[Data extract]
----

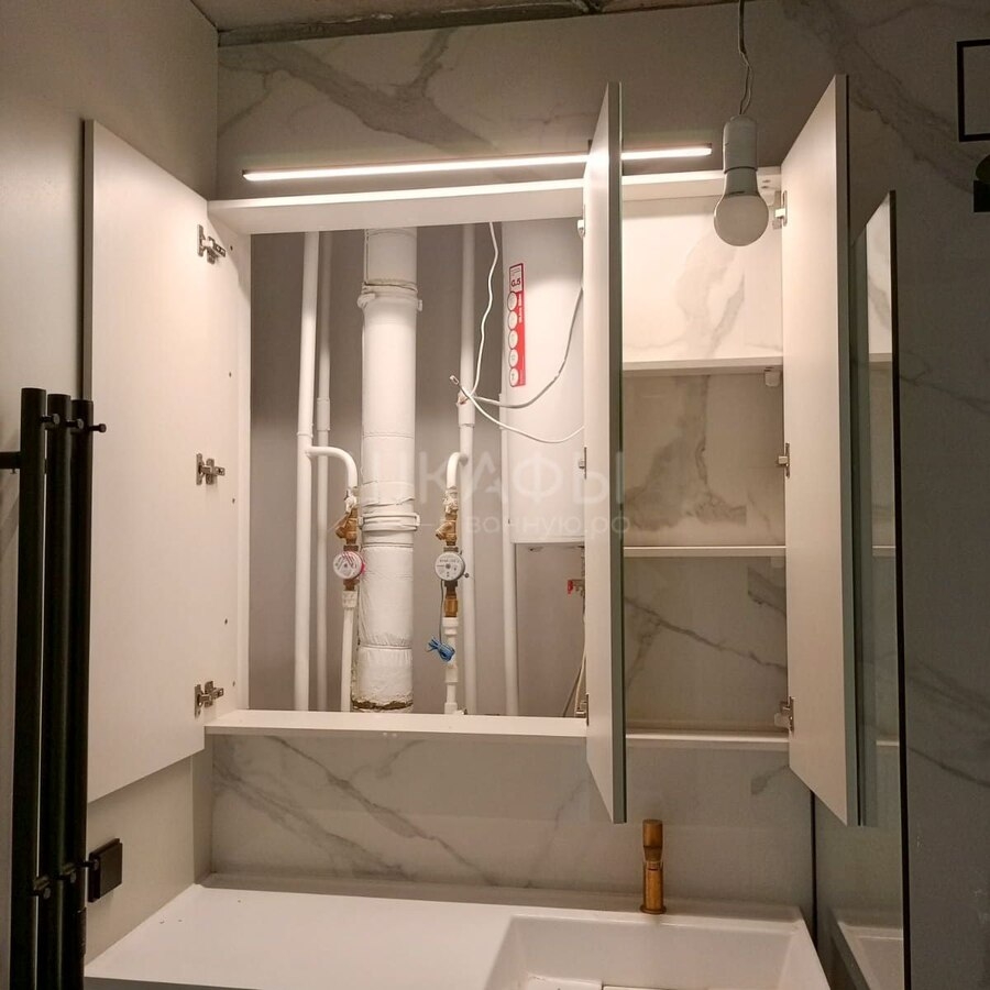 Шкаф зеркальный в ванную комнату для коммуникаций
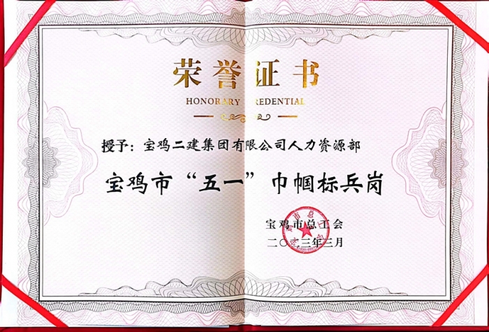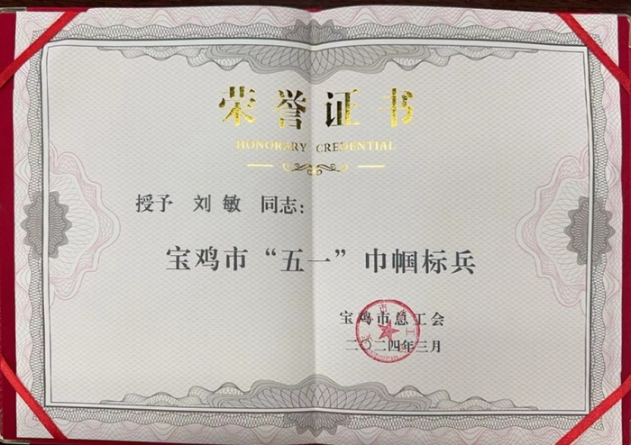 3月8日,在寶雞市總工會召開的第七屆二次女職委全委會上,第十七項目部女職工劉敏被授予“五一巾幗標兵”稱號。集團公司始終為女職工提供干事創業的廣闊舞臺,多年來,先后有14名女職工獲得各級各類巾幗標兵稱號,2個集體被授予“五一巾幗標兵崗”。
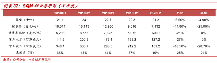 3)Orocrobre:由于COVID-19限制,Olaroz锂工厂在3月底关闭后,于4月9日重新开始生产,但开工率有所降低并根据需求弹性生产,2020Q2公司锂产量2511吨,同比下滑27%,环比下滑8%;锂销量为1601吨,同比下滑53%,环比下滑36%;上半年产量合计5243吨,同比下滑19.7%;
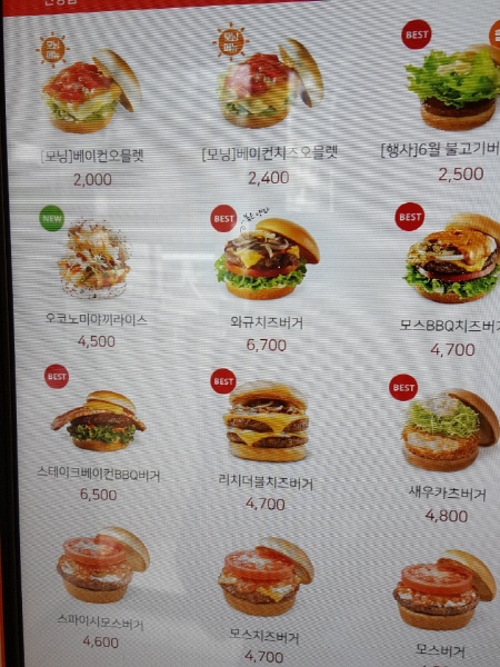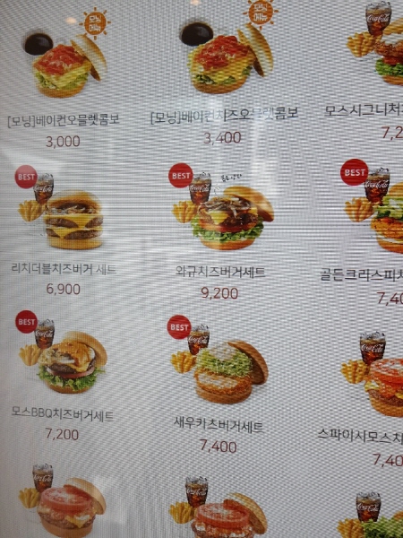 모스버거 모스의 아침 메뉴가 궁금했어요. 한 번은 먹어보고 싶었어요. 그렇지만 이건 답이 안 나왔어요. 이거 먹자고 집에서 7시에 나와서 서울 명동에 있는 모스버거를 가는 것 외에는 방법이 없었어요. 그러나 아침 7시에 오직 햄버거 하나 먹자고 명동 가는 것은 영 내키지 않았어요.

----

[Assignment] Print every line of the material exactly as written, but drop the pictures.

[Response]
 Шкаф зеркальный в ванную комнату для коммуникаций
 3月8日,在寶雞市總工會召開的第七屆二次女職委全委會上,第十七項目部女職工劉敏被授予“五一巾幗標兵”稱號。集團公司始終為女職工提供干事創業的廣闊舞臺,多年來,先后有14名女職工獲得各級各類巾幗標兵稱號,2個集體被授予“五一巾幗標兵崗”。
 3)Orocrobre:由于COVID-19限制,Olaroz锂工厂在3月底关闭后,于4月9日重新开始生产,但开工率有所降低并根据需求弹性生产,2020Q2公司锂产量2511吨,同比下滑27%,环比下滑8%;锂销量为1601吨,同比下滑53%,环比下滑36%;上半年产量合计5243吨,同比下滑19.7%;
 모스버거 모스의 아침 메뉴가 궁금했어요. 한 번은 먹어보고 싶었어요. 그렇지만 이건 답이 안 나왔어요. 이거 먹자고 집에서 7시에 나와서 서울 명동에 있는 모스버거를 가는 것 외에는 방법이 없었어요. 그러나 아침 7시에 오직 햄버거 하나 먹자고 명동 가는 것은 영 내키지 않았어요.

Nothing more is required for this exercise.